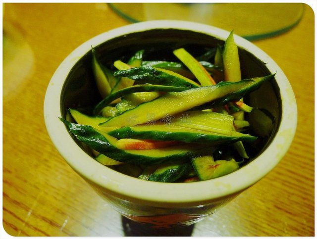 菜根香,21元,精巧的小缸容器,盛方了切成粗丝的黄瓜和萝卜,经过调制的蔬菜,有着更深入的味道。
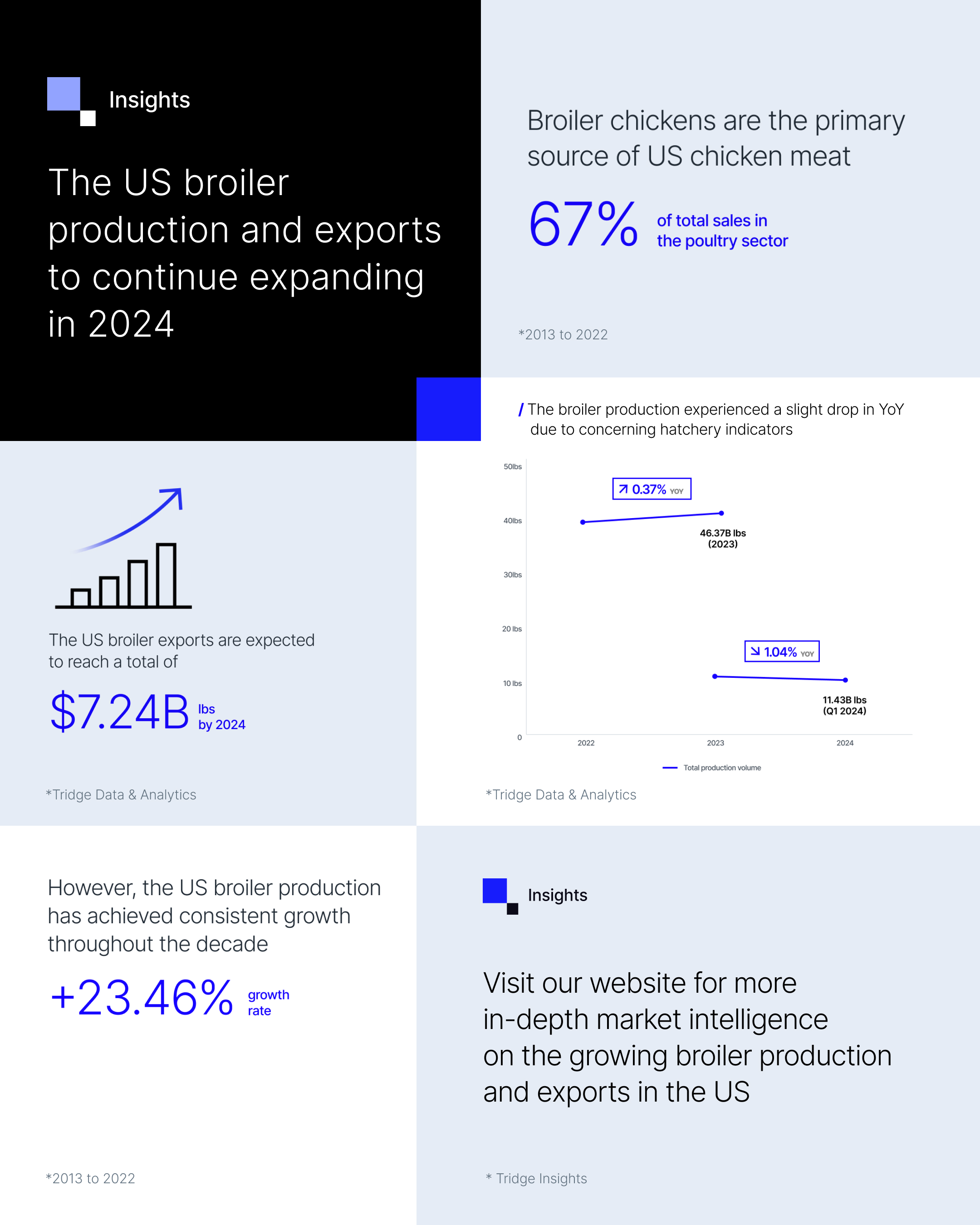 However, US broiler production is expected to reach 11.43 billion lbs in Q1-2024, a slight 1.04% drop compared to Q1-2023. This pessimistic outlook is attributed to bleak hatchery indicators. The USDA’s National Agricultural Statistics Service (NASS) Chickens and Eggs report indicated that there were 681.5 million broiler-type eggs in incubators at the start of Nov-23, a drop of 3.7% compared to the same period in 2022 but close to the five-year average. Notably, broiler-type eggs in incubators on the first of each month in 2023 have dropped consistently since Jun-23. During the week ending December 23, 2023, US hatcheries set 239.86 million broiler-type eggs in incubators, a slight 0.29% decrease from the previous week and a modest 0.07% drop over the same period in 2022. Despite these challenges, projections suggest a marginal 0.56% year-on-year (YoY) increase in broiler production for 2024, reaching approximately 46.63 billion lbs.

=======

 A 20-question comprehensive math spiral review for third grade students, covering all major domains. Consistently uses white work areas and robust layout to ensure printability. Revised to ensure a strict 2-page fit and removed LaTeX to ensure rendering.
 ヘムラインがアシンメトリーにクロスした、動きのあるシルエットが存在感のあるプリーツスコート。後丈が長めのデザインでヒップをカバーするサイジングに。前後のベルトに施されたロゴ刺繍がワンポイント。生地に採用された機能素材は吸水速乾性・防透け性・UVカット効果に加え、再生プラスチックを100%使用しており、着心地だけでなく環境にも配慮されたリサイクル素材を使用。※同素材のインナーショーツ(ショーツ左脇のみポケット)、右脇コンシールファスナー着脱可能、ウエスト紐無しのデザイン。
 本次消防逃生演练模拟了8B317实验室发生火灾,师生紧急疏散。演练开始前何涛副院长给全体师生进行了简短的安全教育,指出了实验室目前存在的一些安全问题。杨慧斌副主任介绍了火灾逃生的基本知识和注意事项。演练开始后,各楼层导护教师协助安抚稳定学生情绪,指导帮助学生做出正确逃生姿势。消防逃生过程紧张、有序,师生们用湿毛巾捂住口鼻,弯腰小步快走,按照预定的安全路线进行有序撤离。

=======

Problem description :: Take exactly the lines from the one containing "A 20-question comprehensive" through the one containing "本次消防逃生演练模拟了8B3" in the data above, and output them with nothing added.

Task result ::
 A 20-question comprehensive math spiral review for third grade students, covering all major domains. Consistently uses white work areas and robust layout to ensure printability. Revised to ensure a strict 2-page fit and removed LaTeX to ensure rendering.
 ヘムラインがアシンメトリーにクロスした、動きのあるシルエットが存在感のあるプリーツスコート。後丈が長めのデザインでヒップをカバーするサイジングに。前後のベルトに施されたロゴ刺繍がワンポイント。生地に採用された機能素材は吸水速乾性・防透け性・UVカット効果に加え、再生プラスチックを100%使用しており、着心地だけでなく環境にも配慮されたリサイクル素材を使用。※同素材のインナーショーツ(ショーツ左脇のみポケット)、右脇コンシールファスナー着脱可能、ウエスト紐無しのデザイン。
 本次消防逃生演练模拟了8B317实验室发生火灾,师生紧急疏散。演练开始前何涛副院长给全体师生进行了简短的安全教育,指出了实验室目前存在的一些安全问题。杨慧斌副主任介绍了火灾逃生的基本知识和注意事项。演练开始后,各楼层导护教师协助安抚稳定学生情绪,指导帮助学生做出正确逃生姿势。消防逃生过程紧张、有序,师生们用湿毛巾捂住口鼻,弯腰小步快走,按照预定的安全路线进行有序撤离。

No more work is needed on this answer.